Mécanismes de division cellulaire : leçons d’un nématode

Mechanisms of cell division: lessons from a nematode

ISREC (Institut Suisse de Recherche Expérimentale sur le Cancer), 155, chemin des Bouveresses, CH-1066 Epalinges/Lausanne, Suisse

^* pierre.gonczy@isrec.unil.ch

Résumé

L’embryon du nématode Caenorhabditis elegans représente un système expérimental de choix pour disséquer les mécanismes qui orchestrent les processus de division cellulaire dans un organisme multicellulaire. En effet, un faisceau d’approches cellulaires, génétiques, moléculaires et génomiques permettent d’aborder chez cet organisme nombre de questions fondamentales relatives à la division cellulaire. Certaines des molécules caractérisées chez ce nématode pourraient jouer un rôle important dans d’autres organismes, y compris l’être humain. Dès lors, la recherche fondamentale menée sur l’embryon de C. elegans devrait avoir, à terme, un impact significatif sur le développement de nouveaux outils diagnostiques et thérapeutiques.

Abstract

The mechanisms orchestrating spatial cell division control remain poorly understood. In animal cells, the position of the mitotic spindle dictates cleavage furrow placement, and thus plays a key role in governing spatial relationships between resulting daughter cells. The one-cell stage Caenorhabditis elegans embryo is an attractive model system to investigate the mechanisms underlying spindle positioning in metazoans. In this review, the experimental advantages of this model system for an in vivo dissection of cell division processes are first discussed. Next, three lines of experiments that were conducted to dissect the mechanisms governing spindle positioning in one-cell stage C. elegans embryos are summarized.
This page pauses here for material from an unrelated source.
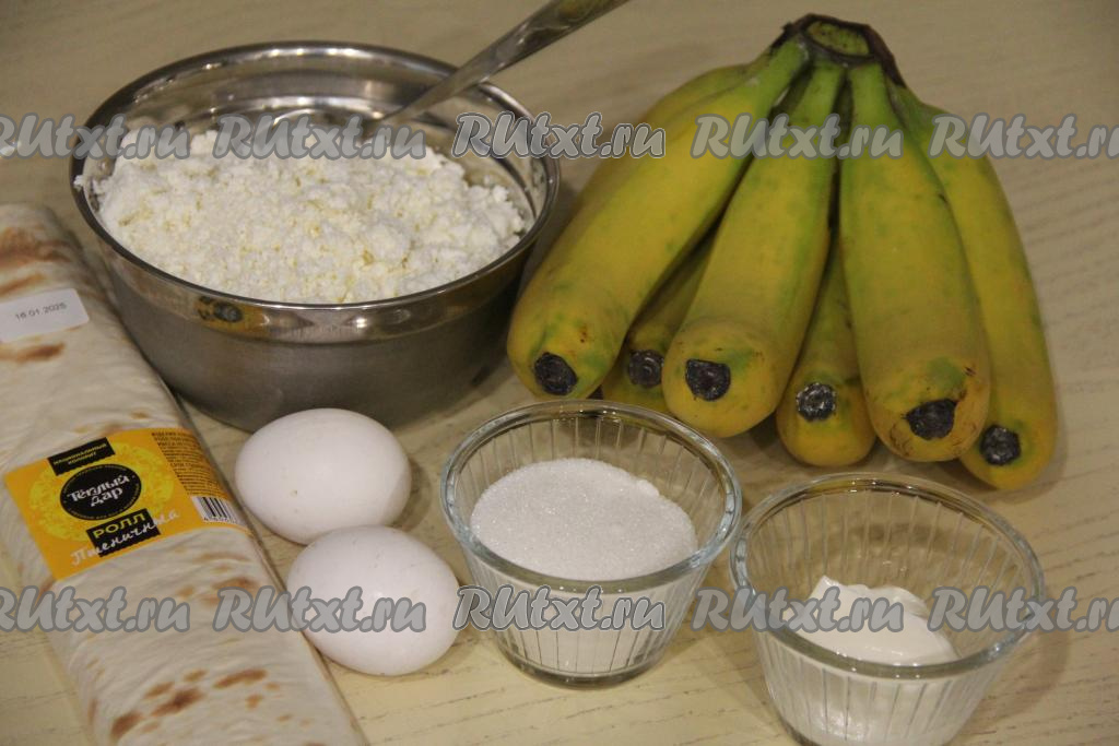 Поставить рулет с творогом и бананами в разогретую до 180 градусов духовку, выпекать минут 30 (до золотистого цвета лаваша).

First, localized laser micro-irradiations were utilized to identify the forces acting on spindle poles during anaphase. This work revealed that there is a precise imbalance of pulling forces acting on the two spindle poles, with the forces acting on the posterior spindle pole being in slight excess, thus explaining the asymmetric spindle position achieved by the end of anaphase. Second, an RNAi-based fonctional genomic screen was carried out to identify novel components required for generating these pulling forces. This uncovered that gpr-1/gpr-2, which encode GoLoco-containing proteins, as well as the previously identified Ga subunits goa- 1/gpa-16, are required for generation of pulling forces on the spindle poles. Third, the zyg-8 locus was identified by mutational analysis to play a distinct role during anaphase spindle positioning. zyg-8 was found to encode a protein related to human Doublecortin, which is affected in patients with neuronal migration disorders. Moreover, ZYG- 8 is a microtubule-associated protein that stabilizes microtubules against depolymerization. Together, these experimental approaches contribute to a better understanding of the mechanisms orchestrating spatial cell division control in metazoan organisms.